*Data records:*
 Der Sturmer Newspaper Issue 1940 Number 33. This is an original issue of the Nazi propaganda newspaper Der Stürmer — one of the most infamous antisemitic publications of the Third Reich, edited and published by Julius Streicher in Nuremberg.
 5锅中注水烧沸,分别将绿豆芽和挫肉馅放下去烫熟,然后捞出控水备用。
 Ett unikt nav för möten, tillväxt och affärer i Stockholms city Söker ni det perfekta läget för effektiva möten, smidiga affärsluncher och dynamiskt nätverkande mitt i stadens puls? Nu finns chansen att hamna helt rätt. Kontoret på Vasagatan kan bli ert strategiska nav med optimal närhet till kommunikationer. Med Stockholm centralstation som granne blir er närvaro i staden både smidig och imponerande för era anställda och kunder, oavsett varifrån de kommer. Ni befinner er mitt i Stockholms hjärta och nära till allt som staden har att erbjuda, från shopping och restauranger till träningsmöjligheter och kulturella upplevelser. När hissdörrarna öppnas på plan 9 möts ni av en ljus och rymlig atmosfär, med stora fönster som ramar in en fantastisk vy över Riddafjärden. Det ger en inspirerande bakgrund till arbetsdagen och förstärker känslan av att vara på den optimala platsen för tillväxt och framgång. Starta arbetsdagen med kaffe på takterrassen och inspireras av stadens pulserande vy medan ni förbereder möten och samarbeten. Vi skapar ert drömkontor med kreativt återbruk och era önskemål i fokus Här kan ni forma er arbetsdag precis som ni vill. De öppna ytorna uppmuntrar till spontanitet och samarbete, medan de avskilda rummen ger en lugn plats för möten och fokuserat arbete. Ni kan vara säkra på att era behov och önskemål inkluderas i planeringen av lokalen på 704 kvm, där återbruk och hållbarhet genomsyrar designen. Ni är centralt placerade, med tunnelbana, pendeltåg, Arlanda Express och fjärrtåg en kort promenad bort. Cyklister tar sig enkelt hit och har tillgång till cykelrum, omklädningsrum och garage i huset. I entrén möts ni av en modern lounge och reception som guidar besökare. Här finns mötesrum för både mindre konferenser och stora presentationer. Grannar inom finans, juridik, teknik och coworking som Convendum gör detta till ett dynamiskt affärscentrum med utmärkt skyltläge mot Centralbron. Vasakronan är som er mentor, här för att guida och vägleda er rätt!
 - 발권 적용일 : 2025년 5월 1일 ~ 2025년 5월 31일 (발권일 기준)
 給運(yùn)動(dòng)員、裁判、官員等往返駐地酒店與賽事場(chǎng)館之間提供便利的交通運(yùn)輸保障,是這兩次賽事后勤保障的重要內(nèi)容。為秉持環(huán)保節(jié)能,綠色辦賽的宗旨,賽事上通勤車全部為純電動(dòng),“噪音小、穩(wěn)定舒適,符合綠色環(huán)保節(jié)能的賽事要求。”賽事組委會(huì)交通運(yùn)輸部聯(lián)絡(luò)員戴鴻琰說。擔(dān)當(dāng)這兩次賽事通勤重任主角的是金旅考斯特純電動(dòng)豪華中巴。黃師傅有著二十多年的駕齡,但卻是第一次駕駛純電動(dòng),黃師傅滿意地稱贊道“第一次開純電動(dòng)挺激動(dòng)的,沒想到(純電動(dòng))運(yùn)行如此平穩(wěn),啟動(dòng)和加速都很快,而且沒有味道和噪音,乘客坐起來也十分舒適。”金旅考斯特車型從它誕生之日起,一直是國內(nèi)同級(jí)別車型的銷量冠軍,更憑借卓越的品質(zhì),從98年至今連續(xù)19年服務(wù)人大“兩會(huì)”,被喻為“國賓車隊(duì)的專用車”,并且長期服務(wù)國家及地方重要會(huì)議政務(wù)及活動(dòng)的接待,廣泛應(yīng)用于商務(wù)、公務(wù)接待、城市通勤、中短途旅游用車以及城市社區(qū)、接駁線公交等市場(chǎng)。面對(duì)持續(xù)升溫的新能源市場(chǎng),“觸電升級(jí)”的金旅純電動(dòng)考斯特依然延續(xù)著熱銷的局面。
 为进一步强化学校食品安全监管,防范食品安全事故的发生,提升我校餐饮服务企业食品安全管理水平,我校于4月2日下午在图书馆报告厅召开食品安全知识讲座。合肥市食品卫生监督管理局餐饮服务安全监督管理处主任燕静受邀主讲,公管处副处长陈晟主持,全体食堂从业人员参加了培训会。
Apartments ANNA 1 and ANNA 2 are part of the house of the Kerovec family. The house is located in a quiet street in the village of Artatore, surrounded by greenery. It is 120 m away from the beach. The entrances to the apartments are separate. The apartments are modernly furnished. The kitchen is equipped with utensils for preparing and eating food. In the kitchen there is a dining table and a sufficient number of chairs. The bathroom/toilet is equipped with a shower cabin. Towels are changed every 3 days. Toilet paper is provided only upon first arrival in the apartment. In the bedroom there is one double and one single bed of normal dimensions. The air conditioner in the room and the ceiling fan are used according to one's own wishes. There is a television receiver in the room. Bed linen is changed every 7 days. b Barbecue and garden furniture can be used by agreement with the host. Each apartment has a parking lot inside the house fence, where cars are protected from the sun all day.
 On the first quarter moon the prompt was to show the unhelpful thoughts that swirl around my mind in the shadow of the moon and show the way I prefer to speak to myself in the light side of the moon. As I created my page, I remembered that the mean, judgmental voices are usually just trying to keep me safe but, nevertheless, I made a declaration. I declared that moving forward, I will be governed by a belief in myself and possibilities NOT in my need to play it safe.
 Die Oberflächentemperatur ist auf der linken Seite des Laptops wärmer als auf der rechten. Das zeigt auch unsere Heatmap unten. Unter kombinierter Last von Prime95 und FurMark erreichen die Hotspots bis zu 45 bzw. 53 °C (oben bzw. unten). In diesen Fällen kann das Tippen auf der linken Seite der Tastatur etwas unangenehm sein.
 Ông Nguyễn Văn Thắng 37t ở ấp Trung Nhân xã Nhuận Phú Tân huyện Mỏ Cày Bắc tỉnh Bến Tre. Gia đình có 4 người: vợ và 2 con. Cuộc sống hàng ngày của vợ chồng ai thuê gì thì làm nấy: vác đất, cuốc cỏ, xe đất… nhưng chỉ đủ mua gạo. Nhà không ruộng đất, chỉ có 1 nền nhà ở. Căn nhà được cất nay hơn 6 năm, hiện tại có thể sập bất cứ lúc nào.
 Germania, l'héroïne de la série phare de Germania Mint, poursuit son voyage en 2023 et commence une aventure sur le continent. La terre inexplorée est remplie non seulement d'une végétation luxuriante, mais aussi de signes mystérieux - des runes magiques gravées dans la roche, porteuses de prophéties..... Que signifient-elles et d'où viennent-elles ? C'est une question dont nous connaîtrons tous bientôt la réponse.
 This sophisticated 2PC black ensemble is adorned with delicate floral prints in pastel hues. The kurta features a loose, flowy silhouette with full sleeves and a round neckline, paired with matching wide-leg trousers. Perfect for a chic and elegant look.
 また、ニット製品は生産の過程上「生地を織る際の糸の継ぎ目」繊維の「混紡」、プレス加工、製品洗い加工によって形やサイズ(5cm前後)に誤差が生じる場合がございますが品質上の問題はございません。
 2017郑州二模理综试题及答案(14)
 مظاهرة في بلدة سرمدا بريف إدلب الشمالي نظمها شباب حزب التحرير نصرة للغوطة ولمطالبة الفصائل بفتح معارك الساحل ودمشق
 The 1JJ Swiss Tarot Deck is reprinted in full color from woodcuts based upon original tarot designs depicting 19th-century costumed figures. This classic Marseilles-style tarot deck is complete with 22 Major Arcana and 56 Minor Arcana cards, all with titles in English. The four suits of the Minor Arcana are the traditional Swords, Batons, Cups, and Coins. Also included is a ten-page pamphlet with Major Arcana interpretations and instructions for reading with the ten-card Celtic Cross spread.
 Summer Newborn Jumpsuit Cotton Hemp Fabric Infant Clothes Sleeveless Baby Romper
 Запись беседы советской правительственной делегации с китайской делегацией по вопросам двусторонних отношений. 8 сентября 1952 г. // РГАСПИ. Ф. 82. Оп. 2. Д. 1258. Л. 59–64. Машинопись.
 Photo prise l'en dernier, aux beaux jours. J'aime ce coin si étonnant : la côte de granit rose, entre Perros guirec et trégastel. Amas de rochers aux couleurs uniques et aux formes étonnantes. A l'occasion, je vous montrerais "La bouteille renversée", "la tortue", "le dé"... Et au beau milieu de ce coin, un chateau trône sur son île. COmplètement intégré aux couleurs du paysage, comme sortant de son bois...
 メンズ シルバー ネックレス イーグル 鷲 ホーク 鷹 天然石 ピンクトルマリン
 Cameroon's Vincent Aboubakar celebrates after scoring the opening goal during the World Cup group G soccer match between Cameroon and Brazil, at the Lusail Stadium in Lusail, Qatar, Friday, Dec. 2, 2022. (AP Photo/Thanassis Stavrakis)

*Exercise objective:* Look above for the line with "Ông Nguyễn Văn" and the line with "مظاهرة في بلدة". Write out those two lines and all the lines between them, exactly, and no others.

*Answer box:*
 Ông Nguyễn Văn Thắng 37t ở ấp Trung Nhân xã Nhuận Phú Tân huyện Mỏ Cày Bắc tỉnh Bến Tre. Gia đình có 4 người: vợ và 2 con. Cuộc sống hàng ngày của vợ chồng ai thuê gì thì làm nấy: vác đất, cuốc cỏ, xe đất… nhưng chỉ đủ mua gạo. Nhà không ruộng đất, chỉ có 1 nền nhà ở. Căn nhà được cất nay hơn 6 năm, hiện tại có thể sập bất cứ lúc nào.
 Germania, l'héroïne de la série phare de Germania Mint, poursuit son voyage en 2023 et commence une aventure sur le continent. La terre inexplorée est remplie non seulement d'une végétation luxuriante, mais aussi de signes mystérieux - des runes magiques gravées dans la roche, porteuses de prophéties..... Que signifient-elles et d'où viennent-elles ? C'est une question dont nous connaîtrons tous bientôt la réponse.
 This sophisticated 2PC black ensemble is adorned with delicate floral prints in pastel hues. The kurta features a loose, flowy silhouette with full sleeves and a round neckline, paired with matching wide-leg trousers. Perfect for a chic and elegant look.
 また、ニット製品は生産の過程上「生地を織る際の糸の継ぎ目」繊維の「混紡」、プレス加工、製品洗い加工によって形やサイズ(5cm前後)に誤差が生じる場合がございますが品質上の問題はございません。
 2017郑州二模理综试题及答案(14)
 مظاهرة في بلدة سرمدا بريف إدلب الشمالي نظمها شباب حزب التحرير نصرة للغوطة ولمطالبة الفصائل بفتح معارك الساحل ودمشق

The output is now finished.